PC2 (the Programming Contest Control system, pronounced "P-C-squared" or sometimes just "P-C-Two" for short) is a software system designed to support programming contest operations in a variety of computing environments. PC2 allows contestants (teams) to submit programs over a network to contest judges. The judges can recompile the submitted program, execute it, view the source code and/or execution results, and send a response back to the team. The system also supports an "automated judging" mode where judging is performed by software rather than by human judges.
The system automatically timestamps and archives submitted runs, maintains and displays current contest standings in a variety of ways, and allows the judges to retrieve and reexecute archived runs. It also provides a mechanism for contestants to submit clarification requests and queries to the judges, and for the judges to reply to queries and to issue broadcast bulletins to teams.
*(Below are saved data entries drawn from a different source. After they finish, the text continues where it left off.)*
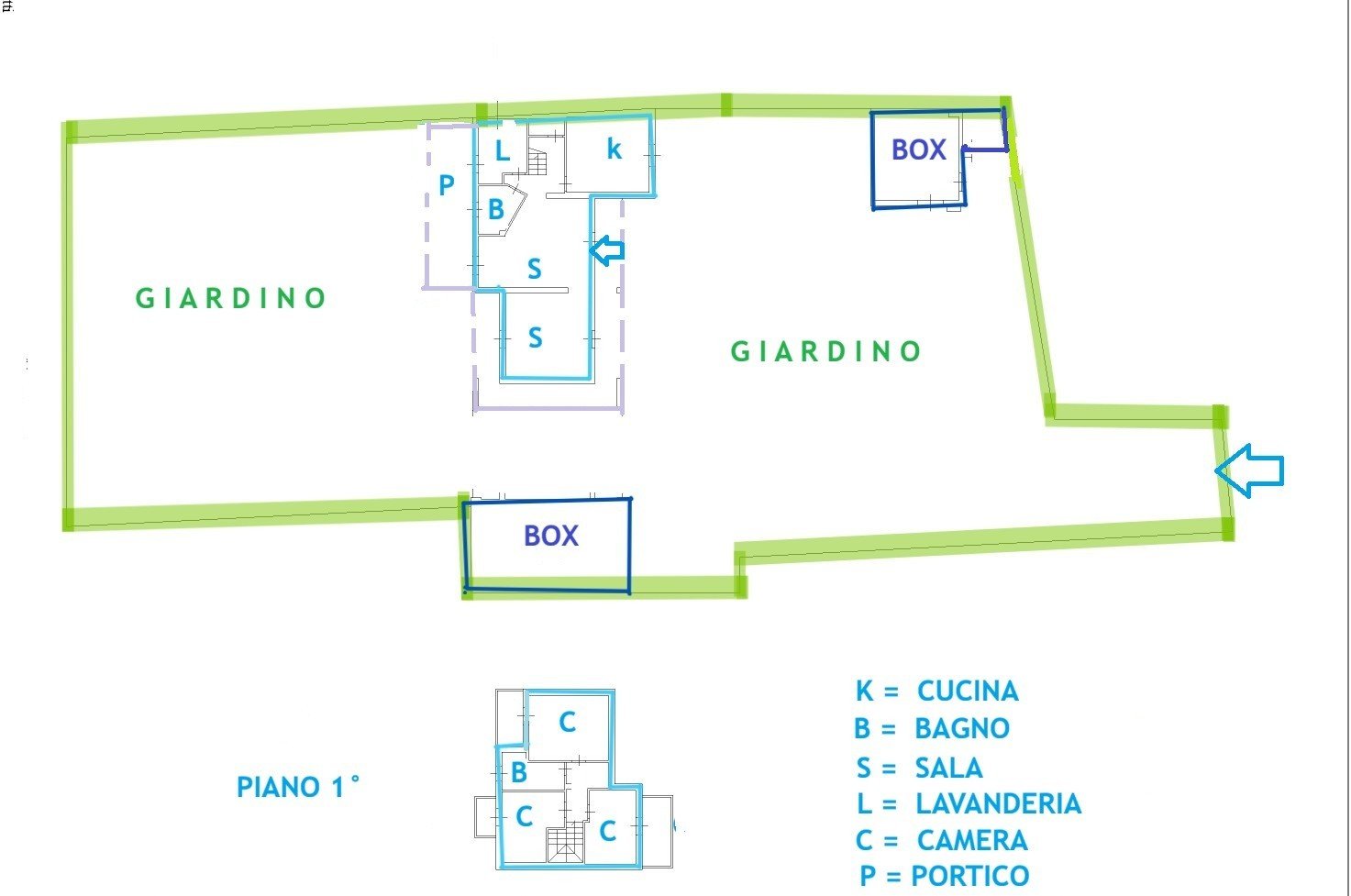 L’intera proprietà è situata su un’area recintata di mq. 1.230, nella quale sono presenti anche due box autorimessa: uno di mq. 45 e l’altro di mq. 23. L’accesso avviene mediante cancello pedonale e cancello carraio.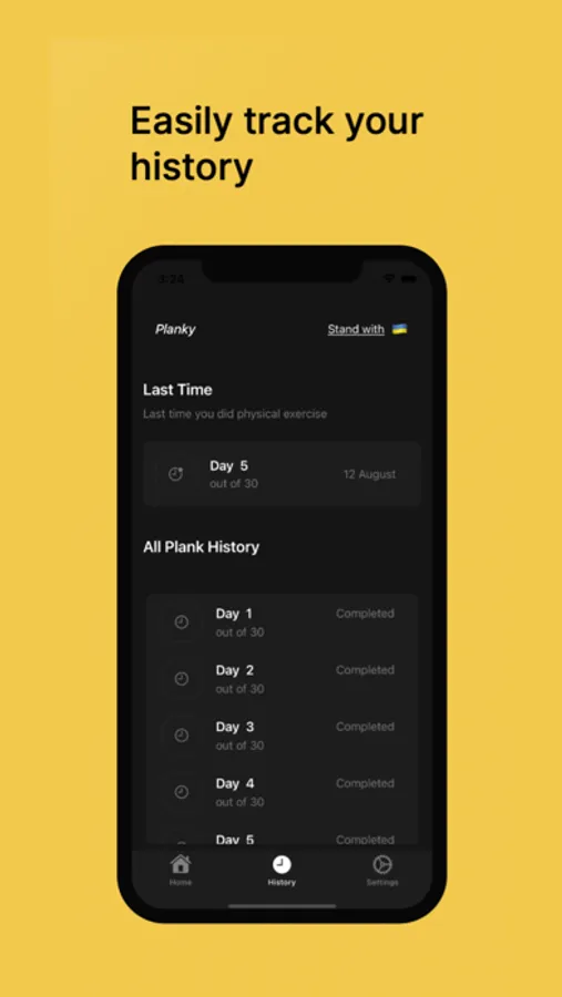 With our Planky app, you can increase your plank time gradually, achieving new records and improving your performance. The app offers a 30-day Planky programme that helps you to train consistently every day for a period of time.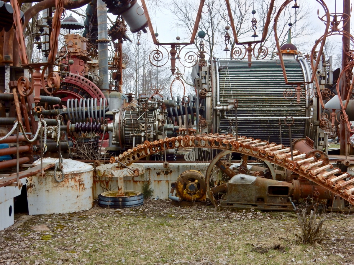 He has involved explanations for the work, but the focus here is its visual impact. The site includes not just the enormous Forevertron itself, but lots of other sculptures, some quite massive in their own right. Junk sculpture isn’t always my favorite, but Every brings a distinct personal vision to the materials that set his apart, not to mention the impact of seeing so many of them in one place. The complexity, imagination and even the science-fiction themes percolating up through the junk make the site a visual wonderland.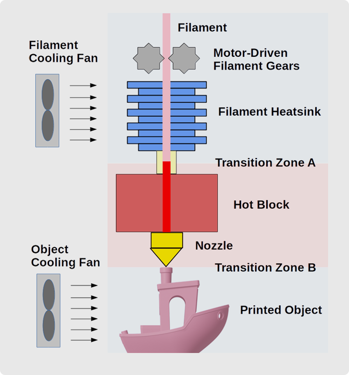 The cold and hot ends must work synergistically to extrude just the right amount of material at the required temperature and physical state for properly stacking up layers.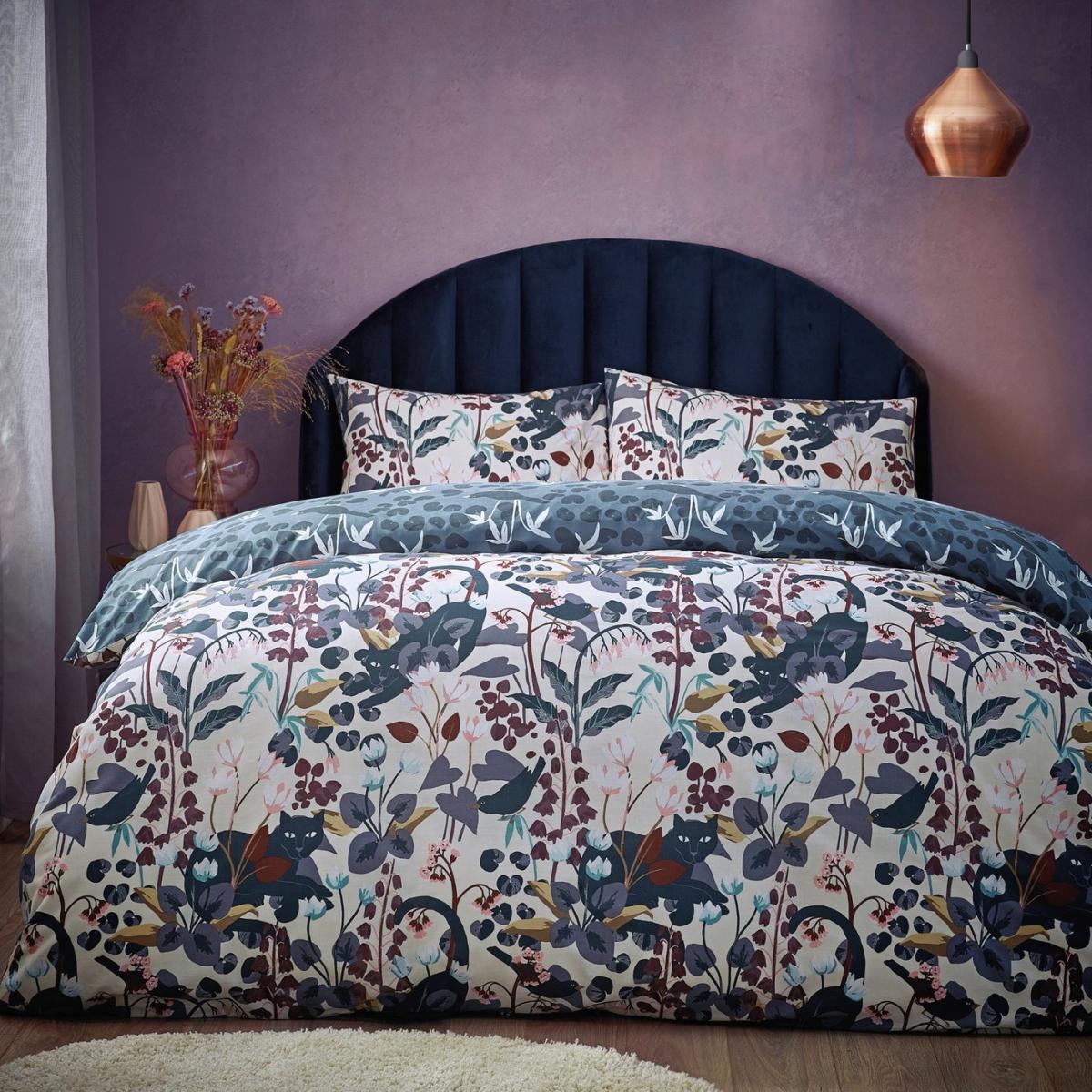 Inspired by a romantic and moody palette, this enchanting scene is a peak into the wild. Look closely and you will see some feline friends stretching and lazing under the moonlight. The Midnight Panther duvet cover set is complete with a charming reverse of exotic botanics, and blackbirds perched in song. This design is perfect for those who love eclectic interior styles. Featuring an enchanting design of midnight-blue coloured panthers hiding within the exotic jungle botanics. Complete with a moody yet romantic reverse of blackbirds perched in song. 50% cotton , 50% polyester. 144 thread count. Set includes 1 duvet cover and 2 pillowcases. Bed size: double. Length 200cm, Width 200cm. Reversible. Buttons for fastening. Standard pillowcase (s). Pillow case length 75cm, Width 50cm. Reversible pillowcase (s). Machine washable. Suitable for tumble drying.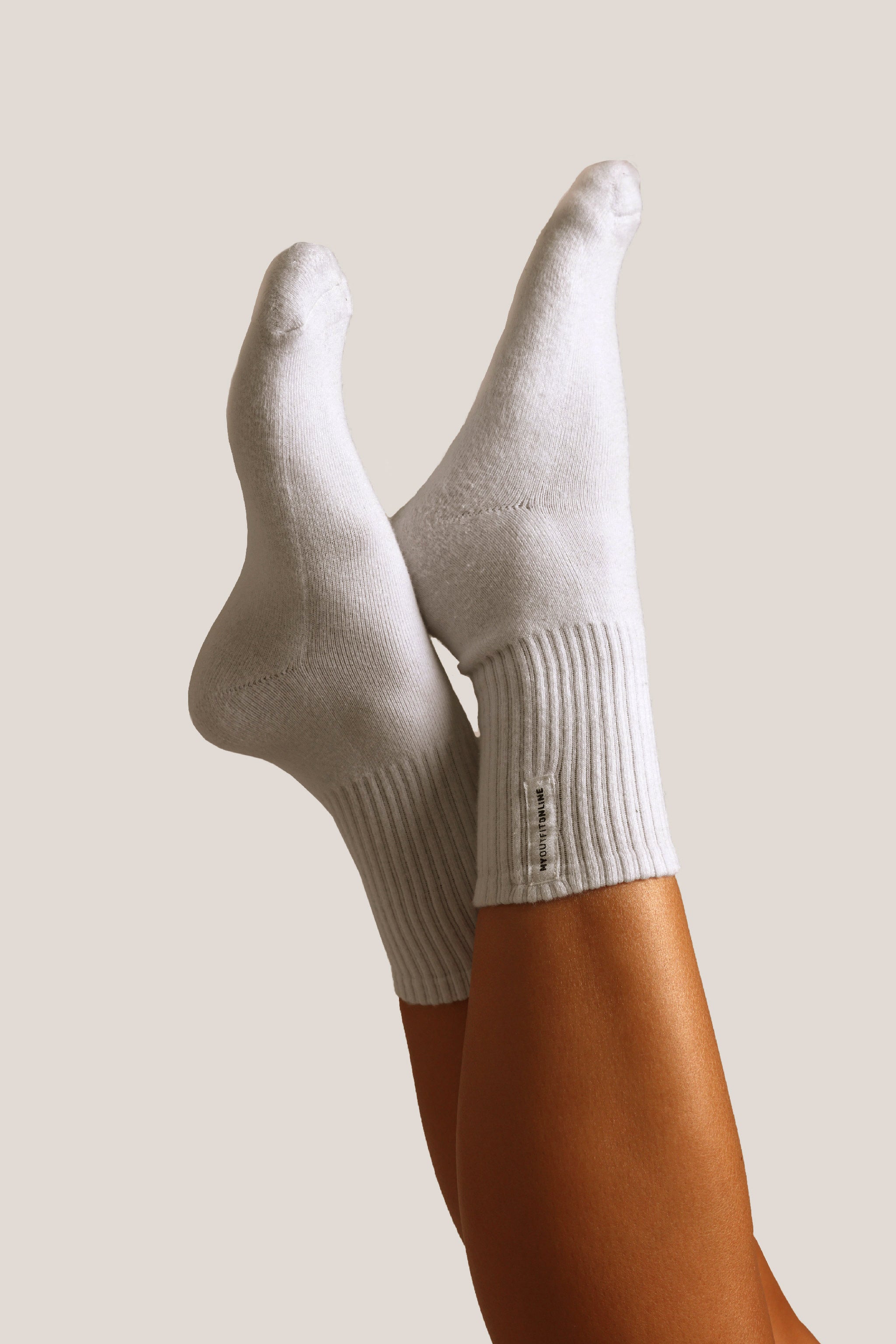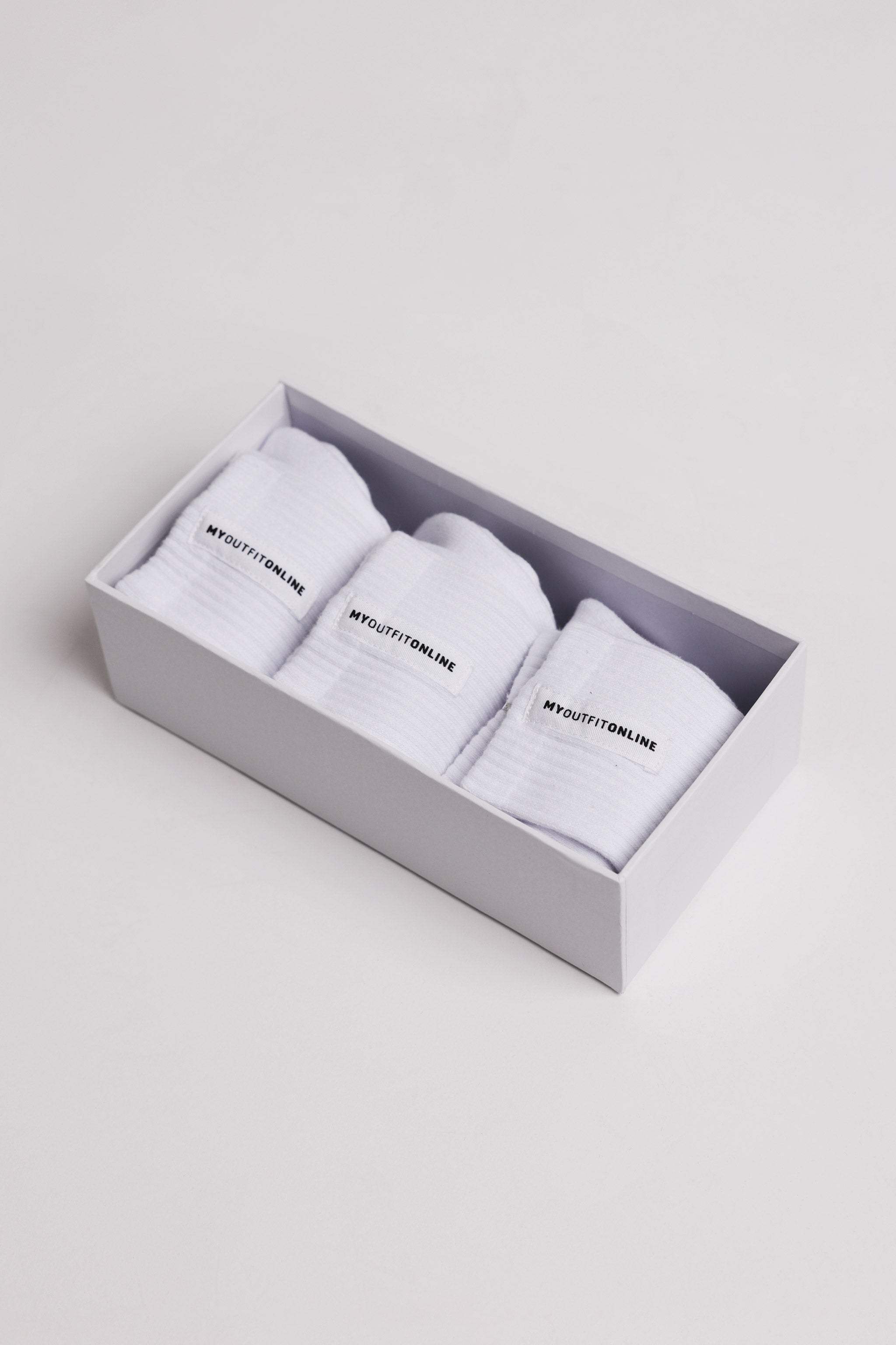 The Classic Crew Socks (3-pack) were designed to be durable with a cushioned sole. It features a vertical patch with the MY OUTFIT ONLINE logo.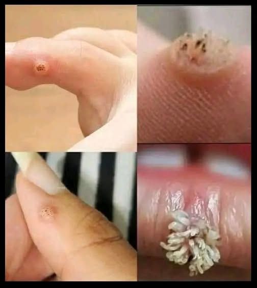The image shows different types of warts, which are small, rough skin growths caused by the Human Papillomavirus (HPV).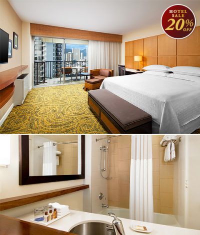 低層階に位置するシティービューのお部屋では、ワイキキの夜景を見渡すことができます。 スタイリッシュなゲストルームには、バルコニー、キングベッド1台またはダブルベッド2台(シェラトン・シグネチャー・ベッド)、事務机、ワイヤレスインターネット接続(Wifi)、留守録機能付き電話、ワイドスクリーンの薄型液晶TV、ケーブル・チャンネル、室内セーフティーボックス、コーヒーメーカー、エアコン、バス用品一式がついています。お部屋の広さは約26~28平方メートルです。- このハワイツアーの概要 -

In addition, PC2 supports contests being held simultaneously at multiple sites by automatically transmitting contest standing information between sites and generating a single contest-wide standings scoreboard at each remote site.
A wide variety of configurable options allow the contest administrator to tailor the system to specific contest operations. For example, the number of teams, problems, and languages in the contest; the scoring method being applied; which problems are handled by which judges; whether teams are automatically notified of the result of a submission; and the frequency of automatic scoreboard updates are all configurable. There are also mechanisms provided for editing the internal scoring database, and for recovering from various types of soft and hard errors. The system is designed to allow teams to use any language development tool which can be invoked from a command line and generates an executable file.
PC2 was developed at California State University, Sacramento (CSUS), and is available on the World Wide Web at http://www.ecs.csus.edu/pc2.
The most recent version, V9, is written in Java (using Eclipse) and is intended to run on any Java 1.5 (or greater) platform, including Windows (98/ME/2000/XP/Vista/7), Mac OS X (10.4+) and a variety of Unix-based systems including Solaris, Linux, and FreeBSD.